De werkcommissie, belast met de voorbereiding van het streekplan voor de omgeving der stad Groningen en het Noorden van Drenthe, heeft tot de colleges van B. en W. der deelnemende gemeenten een zeer belangrijk rondschrijven gericht, waaraan wij het volgende ontkenen.

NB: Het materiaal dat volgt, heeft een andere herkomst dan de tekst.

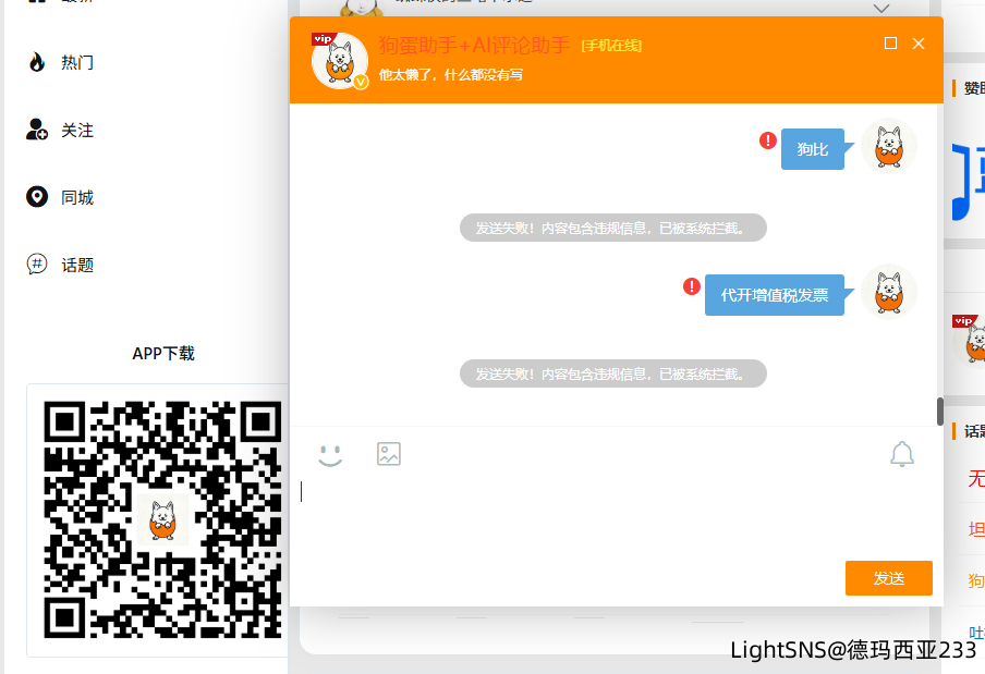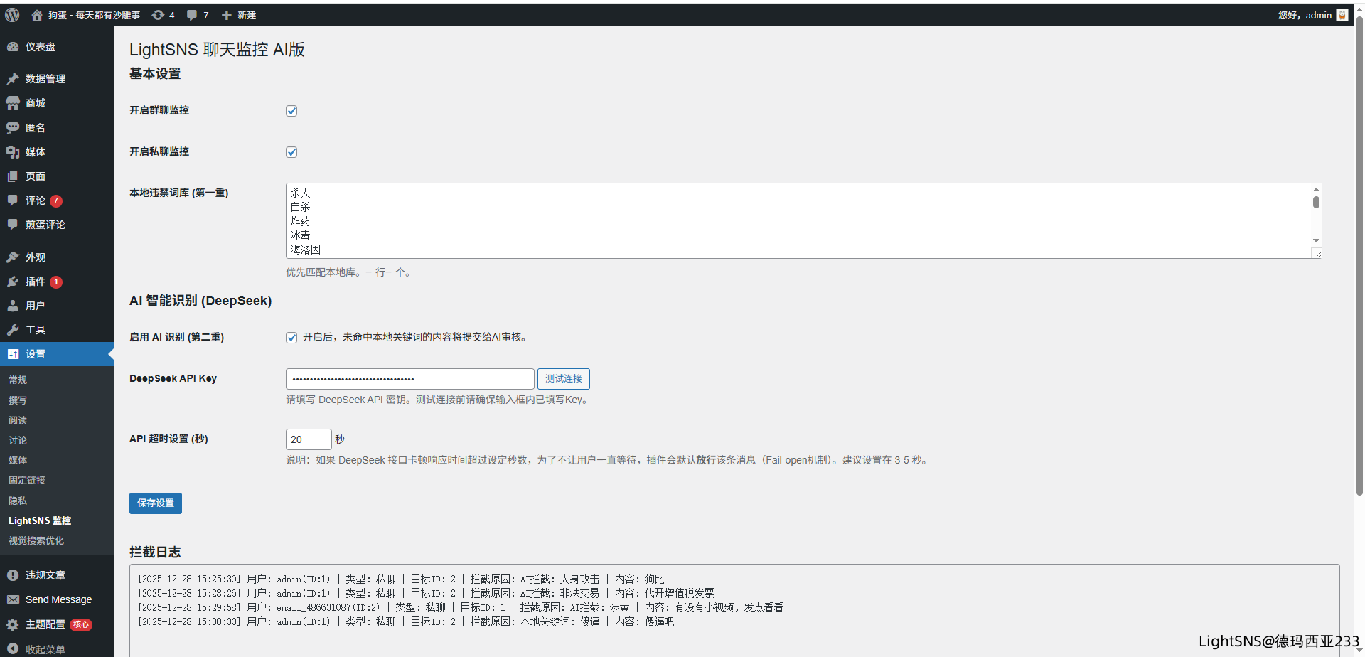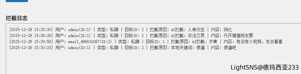 本插件专为 LightSNS 主题开发,旨在解决群聊与私聊内容的合规性监控问题。采用“本地关键词 + DeepSeek AI”双重检测机制,在确保拦截效率的同时,大幅提升对隐晦违规内容的识别能力,并保障用户流畅的聊天体验。

Zooals wij reeds eer hebben bericht ligt het niet in de bedoeling hier een streekplan in den zin van de wet tot stand te brengen, maar zal het in kaarten en een beschrijving vast te leggen plan tot uitvoering worden gebracht door de vaststelling van uitbreidingsplannen met bijbehoorende bebouwingsvoorschriften door de aangesloten gemeenten, waarbij het streekplan als geraamteplan dienst zal doen. Naar de meening van de commissie dient echter met de voorbereiding der uitbreidingsplannen niet te worden gewacht totdat het streekplanwerk voltooid is, maar is het wenschelijk dat de gemeenten reeds nu die voorbereiding ter hand nemen in samenwerking met den ontwerper van het streekplan, die daartoe reeds ovp voldoende gegevens beschikt en die omgekeerd gebaat kan zijn door plaatselijke voorlichting.

Hoewel hierdoor voorkomen wordt dat veel kostbare tijd verloren gaat, zal de voorbereiding der uitbreidingsplannen toch zooveel tijd vergen, dat reeds nu maatregelen moeten worden getroffen, waardoor de bebouwing in goede banen wordt geleid en het aanwezige natuurschoon wordt beschermd. Daartoe beveelt de werkcommissie aan in de bouwverordeningen een aantal wijzigingen aan te brengen, wat het voordeel heeft, dat geen vooronderzoek van details noodig is, terwijl ook de procedure voor het vaststellen van die wijzigingen aanmerkelijk minder tijdroovend is dan die ter vaststelling van een uitbreidingsplan.